Словом, за такое и всё такое прочее щеголяла Мальцева Тушёнкой до завтрака и даже наверняка перевалила бы с таким прозвищем и дальше, если бы была не наивной дурёхой, а злой дурой.
— Посмотрите нам в глаза, — мысленно говорил Герц санинструктору во время сегодняшнего утреннего осмотра. — Неужели Вы не видите, что запечатлели эти глаза вчера? Смотрите внимательно, и Вы увидите специально оставленные для Вас кадры. Не все кадры, только самые лучшие, чтобы не отнимать у вас время. Не бойтесь, страха вы ни у кого не увидите. Даже у тех, кто, опустив глаза, вчера кулак на собственной груди сфотографировал. А уж о тех, кто не себя, а других снимал, и говорить не приходится; мы давно умерли для страха за своих товарищей и перестали испытывать сильные эмоции, когда видим страдания других. В наших глазах — не страх, а привычка к страху, то есть отвага. Да-да, отвага. Уже не трусость, но ещё не мужество — вот что у нас в глазах! Никто из нас уже не моргает и тем более не отводит взгляд, когда наблюдает что-нибудь из ряда вон выходящее. Из шеренги вон выходящее, из колонны вон выходящее, отовсюду вон выходящее! В сорока двух отборных кадрах батареи — хроника вчерашнего дня… Только Вы ничего опять не заметите. Это ничего, что не заметите, мы привыкли. Тогда пощупайте хоть лбы. У некоторых курсантов под сорок температура. Люди горят. Блины на них можно печь, как горят. Их трясёт от холода — вот как они горят! Хотя не щупайте. Никто с Вами в госпиталь всё равно не пойдёт. Нам нельзя. Сначала было нельзя, потому что сержанты запрещали. А теперь нельзя, потому что двенадцать человек уже перенесли болезнь на ногах, остальные ничем не хуже и не лучше их. Из солидарности никуда не пойдём… Ага, пощупайте, пощупайте Калину. Я знаю, что он Вам сейчас ответит.

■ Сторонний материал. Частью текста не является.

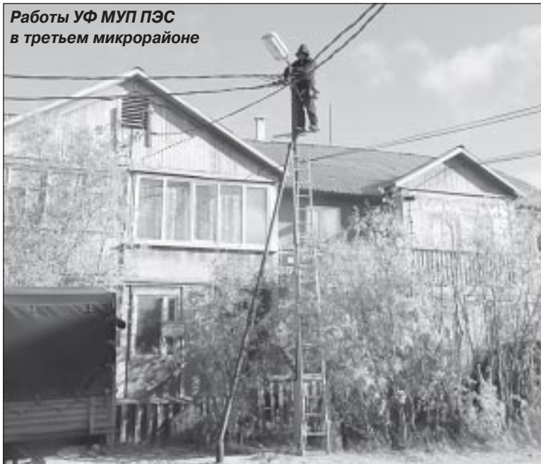
Работы УФ МУП ПЭС в третьем микрорайоне

Три миллиона рублей на подготовку своих объектов к зиме получил Уренгойский филиал МУП ПЭС. Основная часть этих средств – 1,76 млн. рублей – затрачена на ремонт, испытание и наладку оборудования после проведенных работ на подстанции «Юность». Остальные денежные средства пошли на проектирование и наладку электрических сетей, замену опор электропередач.
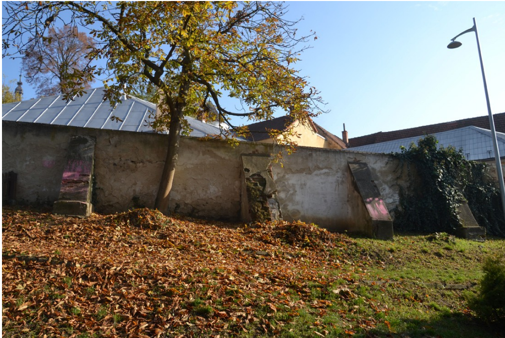
Opěrný systém jihozápadní části zdi, pohled směrem ze zámku.
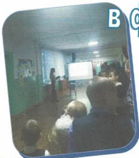
Тематическая линейка, посвященная Дню слепого человека
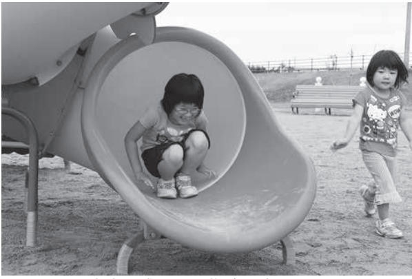
十府ヶ浦公園で遊ぶ子どもたち

ンコイン制、スクールバスの混乗を継続するとともに、更なる村民の利便性の向上を図るため、村営バス2台体制による運行を導入したところであり、今後も検証を加え、運行の充実を図ります。
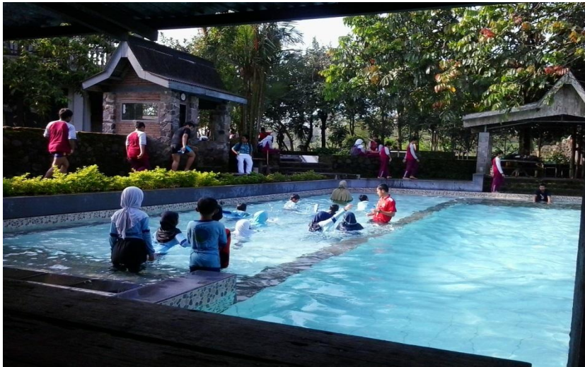
Kegiatan pembelajaran berenang

— Рядовой, у тебя жар, — сказала Мальцева.
— Как у Жар-птицы, — ответил Калина.
— Кости не ломит?
— Так ломит, что охота туловищем с кем-нибудь поменяться. Вон хоть с кем-нибудь из «махры».
— Что ж ты другим зла желаешь?
— А чё они?
— Горло болит?
— Не горло — сердце, товарищ прапорщик. Сердце — в смысле душа.
— Это не по моей части.
— А какая Ваша? 31965?
— Остришь?
— Туплю.
— Служи давай, юморист.
— Вот так всегда.
— Вот так всегда, — мысленно повторил Герц. — Ты отважный человек, Калина. По-настоящему. Есть никчёмная отвага, которая присуща гражданским пацанам. В момент опасности они просто перебарывают трусость, минут пять-десять дерутся с противниками, а потом расходятся по домам и в уюте зализывают раны. Такое у нас тут каждый может. Делов-то. В нас тут только что не стреляли, а так — всё было. Каждый третий в батарее легко выйдет против пяти человек, каждый второй — против трёх, каждый первый — один на один. Выйдет в том случае, если среди этих пяти, трёх, одного не окажется наших сержантов. И что? По-моему, всё равно неплохой показатель. В мире живёт шесть миллиардов, а мы откажемся от драки только с восьмью пацанами, которые по какой-то нелепой случайности служат с нами в одной батарее…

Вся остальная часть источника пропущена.